The reference demo [`demos/00-hello-gate`](./demos/00-hello-gate) composes all
three at once to prove the substrate generalizes;
[`demos/01-injection-tripwire`](./demos/01-injection-tripwire) is the focused
Concept B demo — it shows an allow/deny policy is *not enough* to stop a
prompt-injection exfil, and a taint tripwire is.

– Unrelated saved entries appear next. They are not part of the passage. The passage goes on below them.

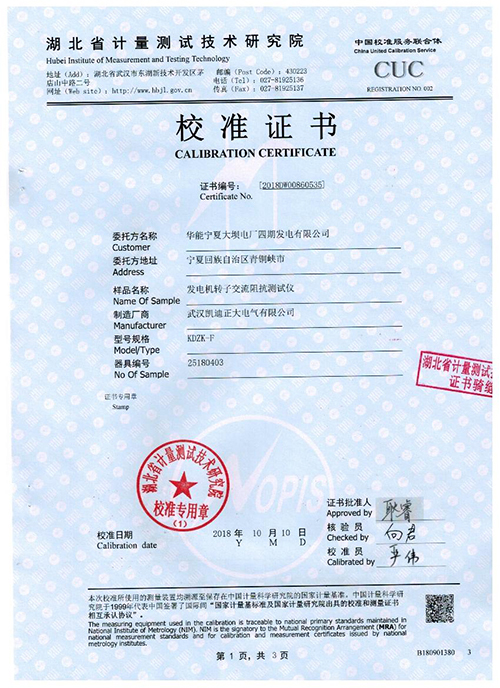 武漢凱迪正大KDZK-F發(fā)電機(jī)轉(zhuǎn)子交流阻抗測試儀校驗證書
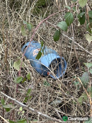 Abandoned weelie bin, empty gas cylinder and assorted litter
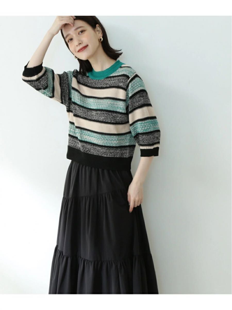 ヘザーミックスマルチボーダーニット《n.'look》 N. Natural Beauty Basic エヌ ナチュラルビューティーベーシック* トップス ニット グリーン
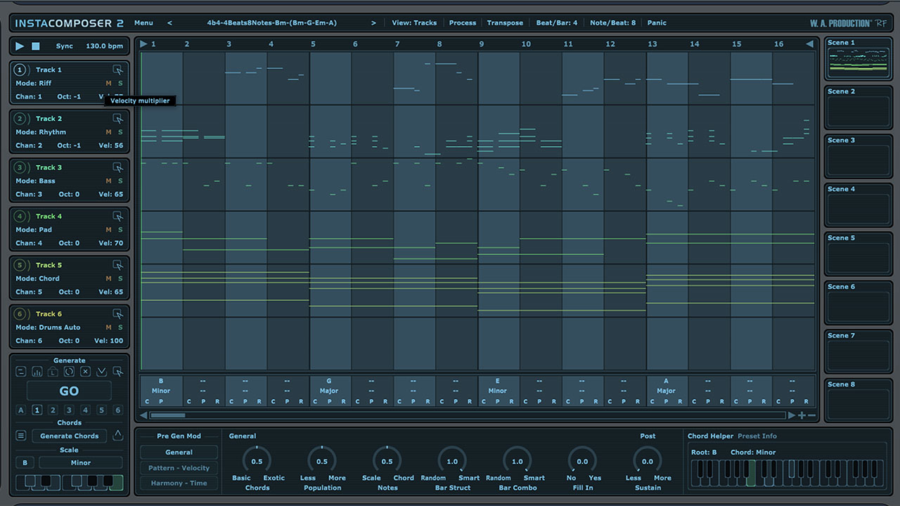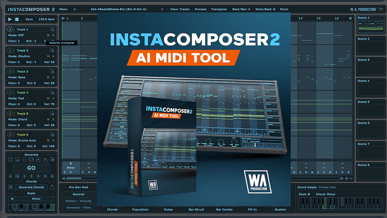 6 つのトラックと 8 つのシーンが利用可能な Instacomposer 2 は、単一のプリセット内で複数のレイヤー、代替バリエーション、さまざまな曲の部分を柔軟に構成できます。
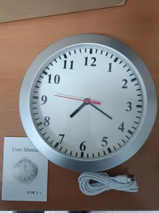 Este reloj de pared blanco tiene una cámara oculta integrada. Usado muy poco, con su embalaje e instrucciones. Graba en tarjeta ssd. No incluida.
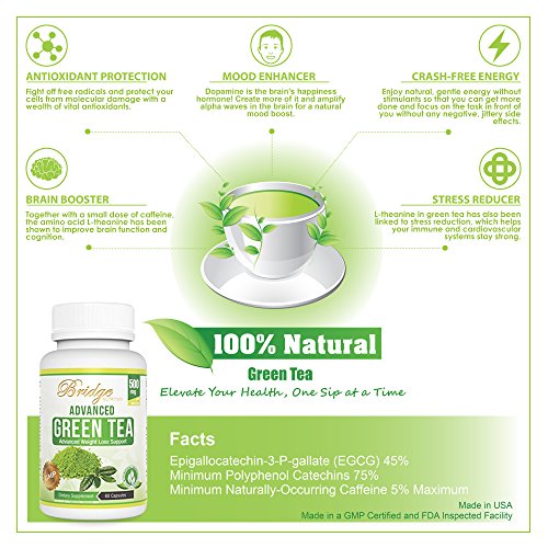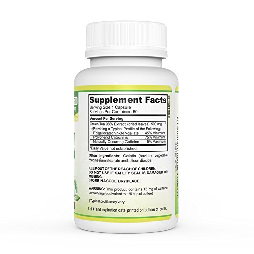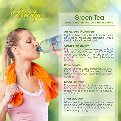 ☆ NATURAL WEIGHT LOSS: Green tea has been used for many centuries in Asia and verified by researchers that it can be use for safe, healthy weight loss. A supplement always should combine with healthy diet exercise to help your weight loss goals! ☆ POWERFUL ANTIOXIDANT: Green tea contains polyphenols catechins and EGCG (Epigallocatechin Gallate)! These substances are the powerful antioxidants that reduce the formation of free radicals in the body, protecting cells and molecules from damage. ☆ IMPROVES MOOD: Green tea extract has been shown to have a positive effect on brain health and memory, and may help protect against brain diseases. It also increases dopamine and the production of alpha waves in the brain. ☆ CONSTANT ENERGY: The caffeine in green tea extract seems to have a better effect on mental clarity and energy than the caffeine in coffee. It does not increase heartrate, anxiety, or "jittery" as coffee sometimes can. Facts: Epigallocatechin-3-P-gallate (EGCG) 45% Minimum Polyphenol Catechins 75% Minimum Naturally-Occurring Caffeine 5% Maximum Made in USA Made in a GMP Certified and FDA Inspected Facility 0 |
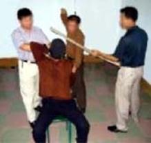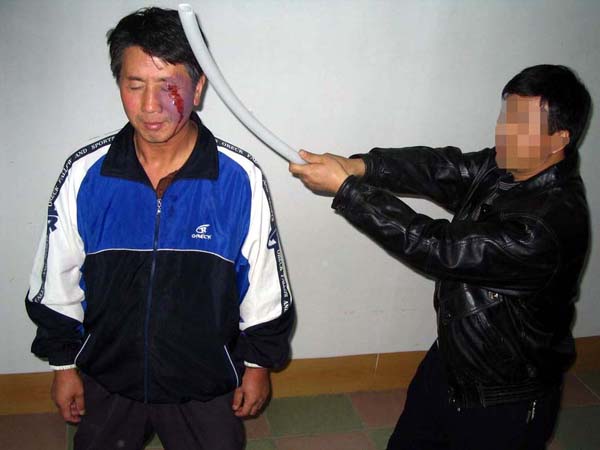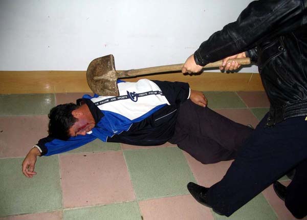 2001年5月,在吉林省辽源劳教所非法关押期间,我被强制出工,挖地缆线沟。在辽宁省昌图县、新沙河挖沟时,劳教所恶警利用刑事犯张××用铁锹砍我,当时我被连砍4锹,第二锹就将我砍倒。我的左腿关节处被砍骨折,我的裤子被砍到身体长脓包的烂肉里去,我失去了知觉、昏过去。当时在场的人有的犯人被这种非人狠毒的毒打吓得闭上了眼睛不敢看,有的求他们不要打了,有的流下了泪水。恶警、恶人们的目地就是要逼我放弃修炼大法,并威胁我说打死就地埋沟里,劳教所有死亡指标,上边让干的。(演示图2、3、4)

> **Standalone primitive.** Concept A also has its own focused home — the
> **guardrail** repo — the single-idea policy-gate primitive with its own README
> and quick start, for readers who just want that one control. This lab is where
> the three concepts compose on a shared shim and become repeatable content.

## Repo layout

```
agentlab/
├── shim/ # shared tool-call interception substrate + tests
│ ├── interceptor.py # Interceptor + Middleware chain + Blocked
│ ├── middleware.py # PolicyGate / InjectionTripwire / FlightRecorder
│ ├── audit.py # hash-chained JSONL audit sink
│ └── toolbox.py # shared mock tools
├── demos/
│ ├── _template/ # drop-in scaffold for a new demo
│ ├── 00-hello-gate/ # reference demo that exercises the whole substrate
│ └── 01-injection-tripwire/ # Concept B: taint tracking beats allow/deny policy
├── capture/ # one-command demo-capture pipeline
├── new_demo.sh # scaffold a new demo
├── run_tests.py # dependency-free test runner
├── HOWTO.md # how to add a new demo (the short version)
├── CONTRIBUTING.md
└── LICENSE # Apache-2.0
├── NOTICE # Apache-2.0 NOTICE
```

## Adding a demo

See [`HOWTO.md`](./HOWTO.md). The short version: `./new_demo.sh `, edit the
plan and middleware, run it, capture it.

## License

Apache-2.0 licensed — see [`LICENSE`](./LICENSE) and [`NOTICE`](./NOTICE).